Work request →
The reply should contain the full listing exactly as written and no pictures at all.

*** Opening of Recorded information ***

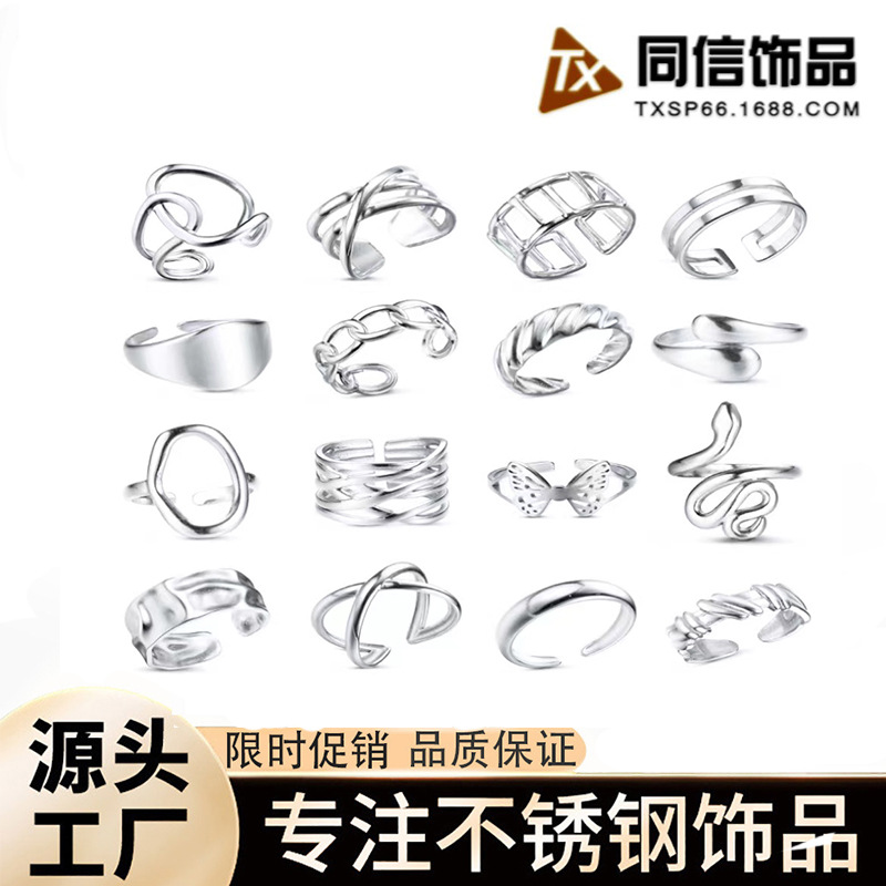 European and American Stainless Steel Ring High Color Value Tail Ring Jewelry Fashion Design Hollow Ring Niche All-match Live Ring
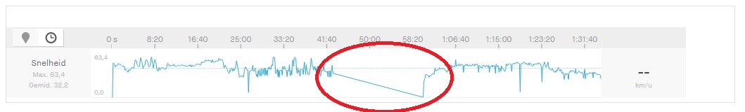 Nu zie ik wat het probleem is. De tijd dat we pauze nemen, telt de V650 erbij op ... en dat gaat je gemiddelde automatisch flink naar beneden (zie ook bovenstaande foto van de rit).
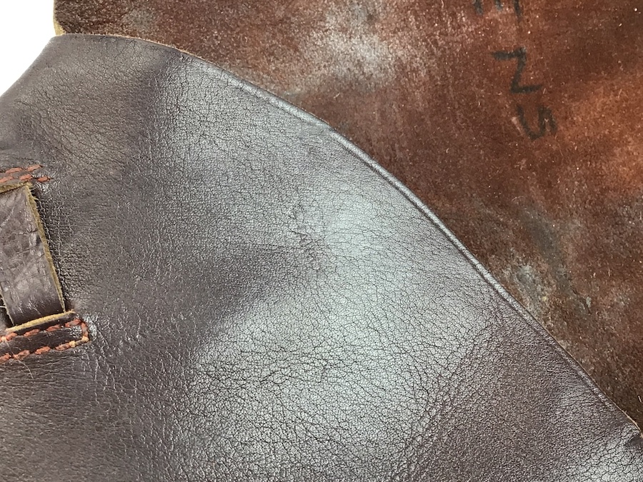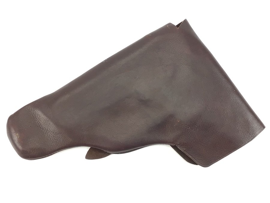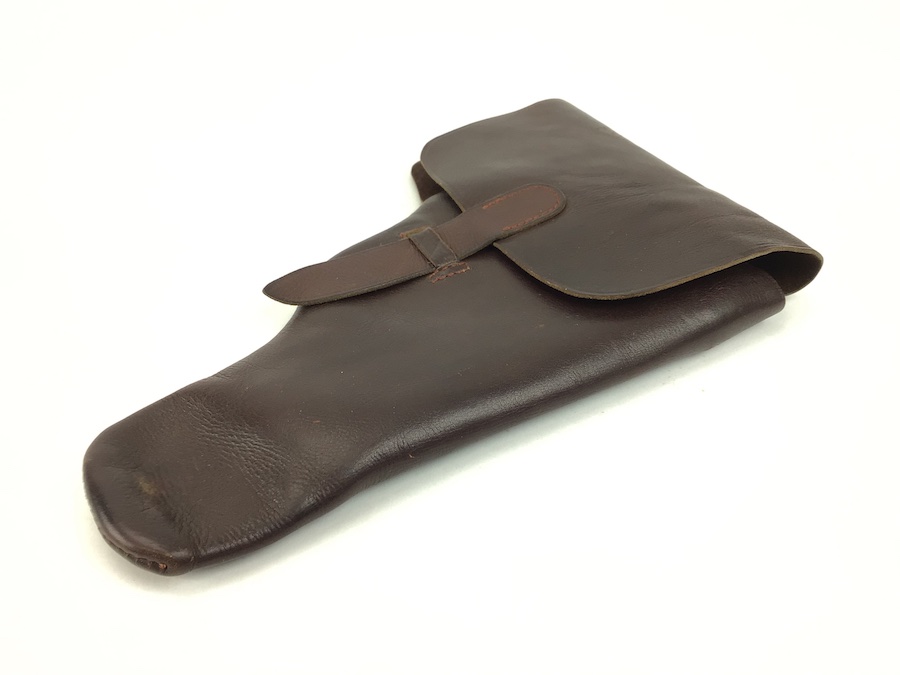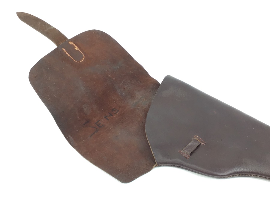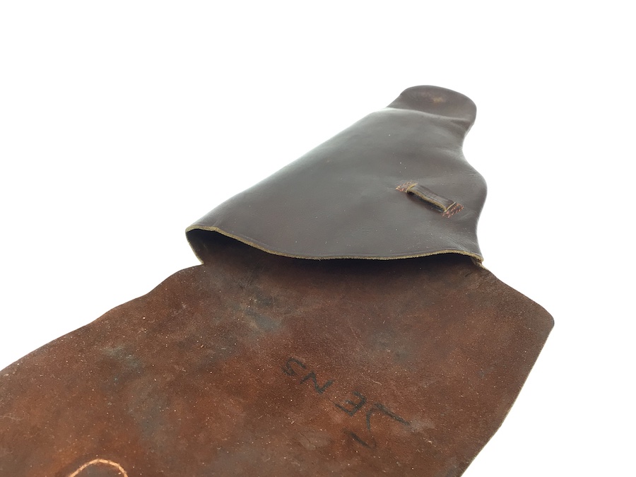6/17/21 – Original and great condition. Pouch / Holster for a Walther PP. Maker stamped “AKAH” under the closure flap. It is faint, but visible. Clean interior with intact stitching. Personalized under the flap “JENS”.
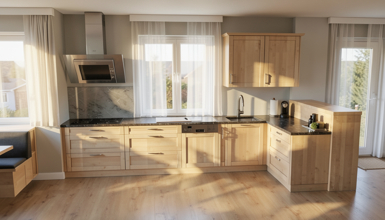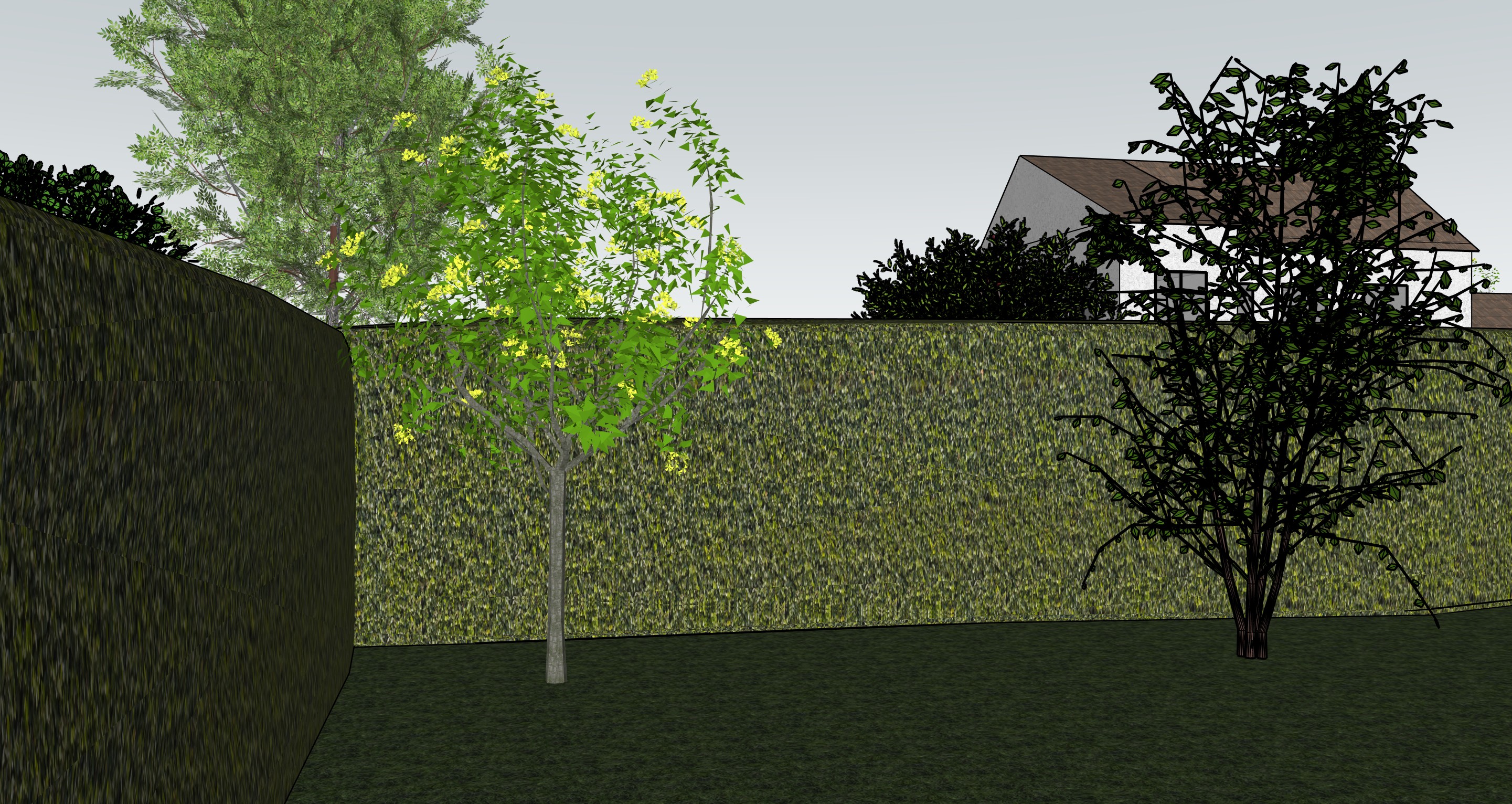 a modern architectural rendering depicts a row of three white townhouses with dark brown roofs each featuring large black garage doors on the ground floor and several windows on the upper levels to the left an a 3d rendered garden scene with a thick dark green hedge occupying the left side and extending across the background in the mid ground a slender tree with bright green leaves and small yellow flowers stands to the left of center its trunk a light gray to the right of center a darker more densely branched tree with sparse green leaves is positioned behind the hedge a section of a white house with a brown roof is visible in the upper right quadrant with dark green foliage surrounding it the ground is covered in a dark green textured lawn the perspective is eye level looking across the garden the lighting is neutral suggesting an overcast day the style is that of a digital architectural visualization or a video game environment with clean lines and distinct geometric shapes

*** Close of Recorded information ***

Task answer →
 European and American Stainless Steel Ring High Color Value Tail Ring Jewelry Fashion Design Hollow Ring Niche All-match Live Ring
 Nu zie ik wat het probleem is. De tijd dat we pauze nemen, telt de V650 erbij op ... en dat gaat je gemiddelde automatisch flink naar beneden (zie ook bovenstaande foto van de rit).
6/17/21 – Original and great condition. Pouch / Holster for a Walther PP. Maker stamped “AKAH” under the closure flap. It is faint, but visible. Clean interior with intact stitching. Personalized under the flap “JENS”.
 a modern architectural rendering depicts a row of three white townhouses with dark brown roofs each featuring large black garage doors on the ground floor and several windows on the upper levels to the left an a 3d rendered garden scene with a thick dark green hedge occupying the left side and extending across the background in the mid ground a slender tree with bright green leaves and small yellow flowers stands to the left of center its trunk a light gray to the right of center a darker more densely branched tree with sparse green leaves is positioned behind the hedge a section of a white house with a brown roof is visible in the upper right quadrant with dark green foliage surrounding it the ground is covered in a dark green textured lawn the perspective is eye level looking across the garden the lighting is neutral suggesting an overcast day the style is that of a digital architectural visualization or a video game environment with clean lines and distinct geometric shapes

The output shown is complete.